== GIVEN INFORMATION ==

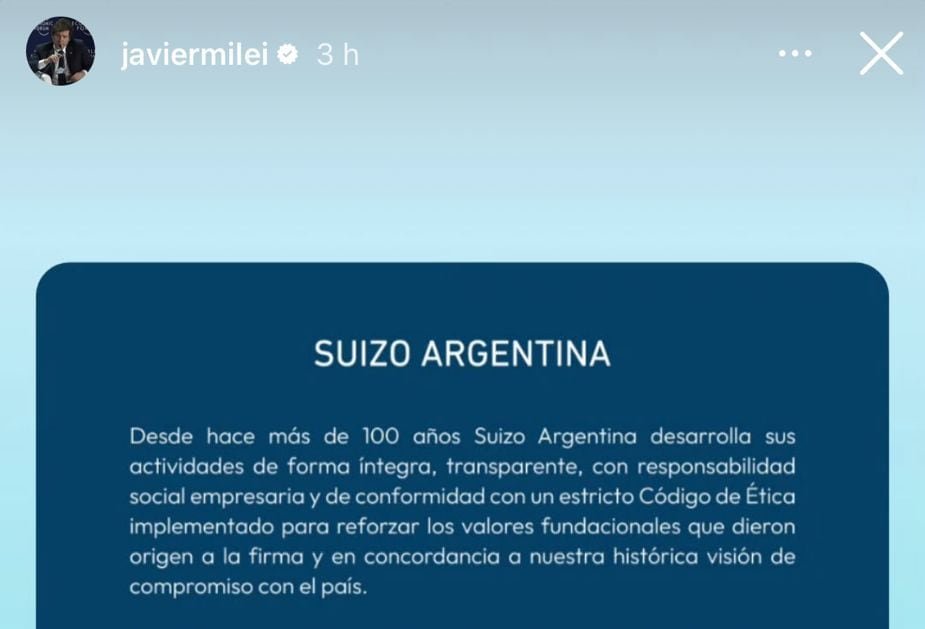 El presidente Javier Milei compartió este martes en su cuenta de Instagram un comunicado de la droguería Suizo Argentina, el laboratorio mencionado en el escándalo por los audios de conversaciones privadas que se le atribuyen al ahora desplazado titular de la Agencia Nacional de Discapacidad, Diego Spagnuolo.
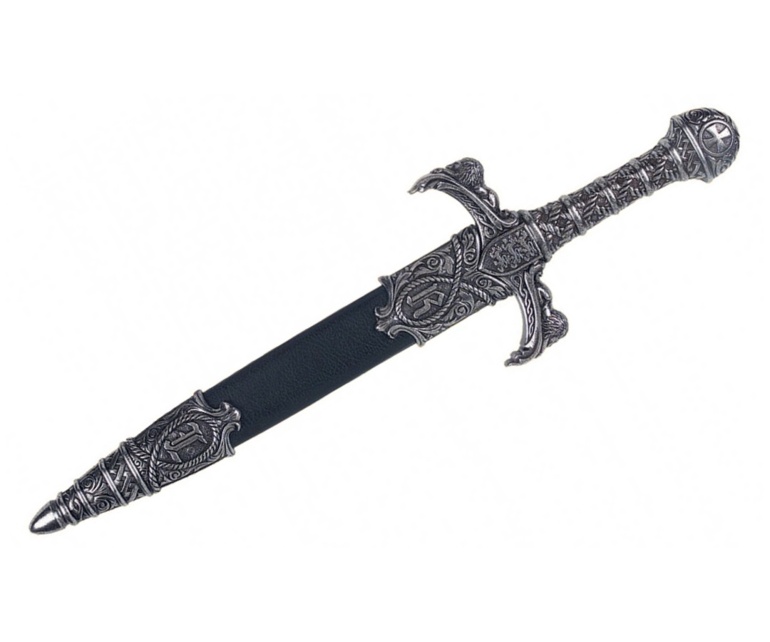 Макет DE-4157-NQ от испанского бренда Denix представляет собой отлично выполненную копию легендарного холодного оружия. В качестве материала используются цинковый сплав и никель. Кинжал имеет эффектные гравировки: на гарде изображен символ крестоносцев – крест, а также герб королевского рода, на ножнах кинжала - вензели с именем владельца. Клинок кинжала граненый, общая длина составляет 45 см. В ножнах черного цвета оружие выглядит очень эффектно и создает впечатление настоящего боевого экземпляра, который использовался в бою вместе с рыцарским мечом.
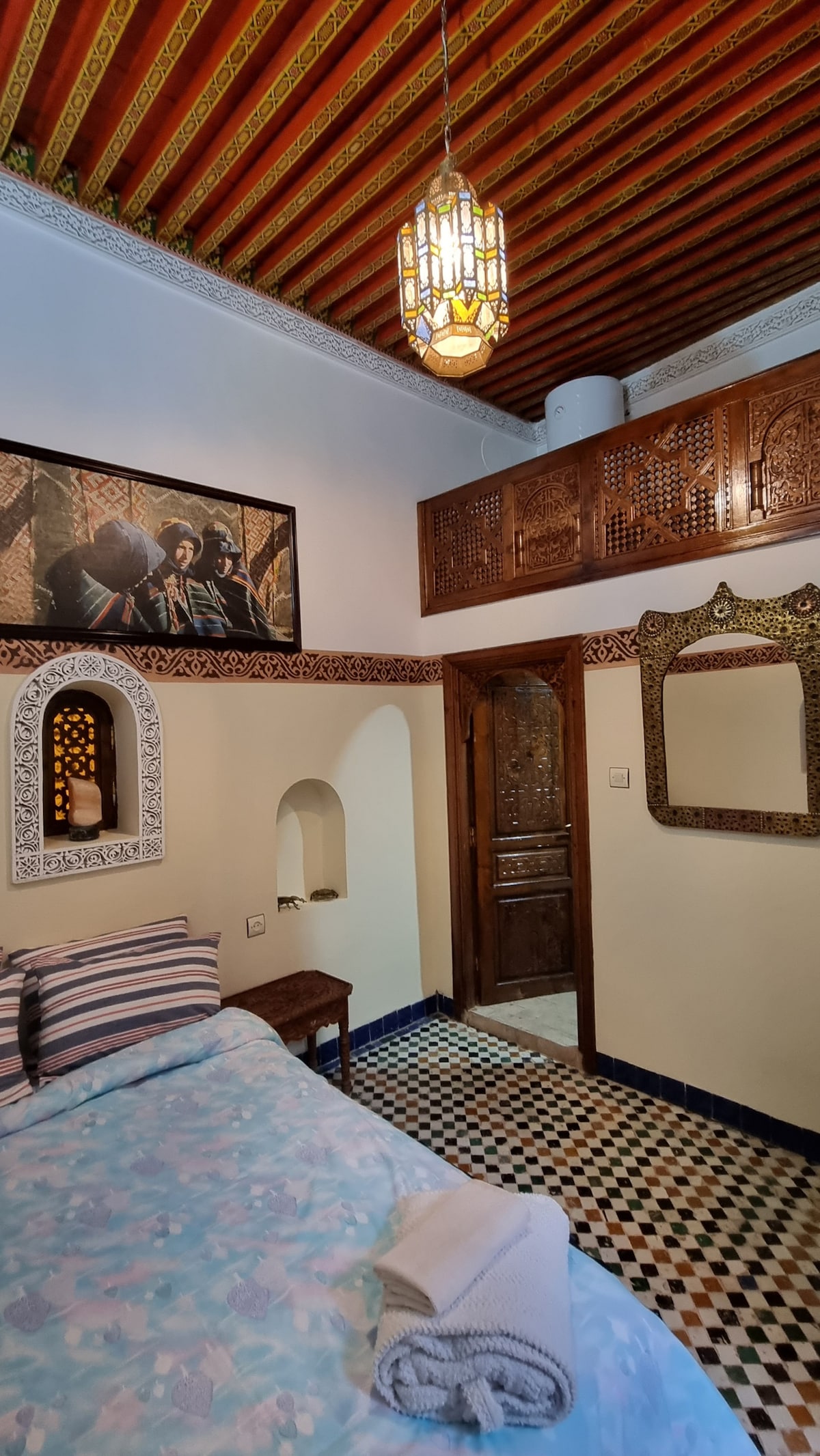 Mistrovsky kombinuje nadčasový marocký styl s moderním designem. Nachází se v samém srdci staré mediny Fez. Nabízí jedinečný zážitek. Prostorné apartmá má velkou ložnici, obývací pokoj zdobený marockou mozaikou, soukromou koupelnu a klimatizaci. Ručně vybíraný nábytek a vynikající látky vytvářejí atmosféru elegance. Začněte svůj den s lahodnou snídaní na své soukromé terase a užijte si dokonalý klid a soukromí. Zažij kouzlo Maroka jako nikdy předtím!

===

— BRIEF —
Begin at the top of the material above and output each line exactly, stopping after the line that holds "Макет DE-4157-NQ от". Leave out pictures.

— OUTPUT —
 El presidente Javier Milei compartió este martes en su cuenta de Instagram un comunicado de la droguería Suizo Argentina, el laboratorio mencionado en el escándalo por los audios de conversaciones privadas que se le atribuyen al ahora desplazado titular de la Agencia Nacional de Discapacidad, Diego Spagnuolo.
 Макет DE-4157-NQ от испанского бренда Denix представляет собой отлично выполненную копию легендарного холодного оружия. В качестве материала используются цинковый сплав и никель. Кинжал имеет эффектные гравировки: на гарде изображен символ крестоносцев – крест, а также герб королевского рода, на ножнах кинжала - вензели с именем владельца. Клинок кинжала граненый, общая длина составляет 45 см. В ножнах черного цвета оружие выглядит очень эффектно и создает впечатление настоящего боевого экземпляра, который использовался в бою вместе с рыцарским мечом.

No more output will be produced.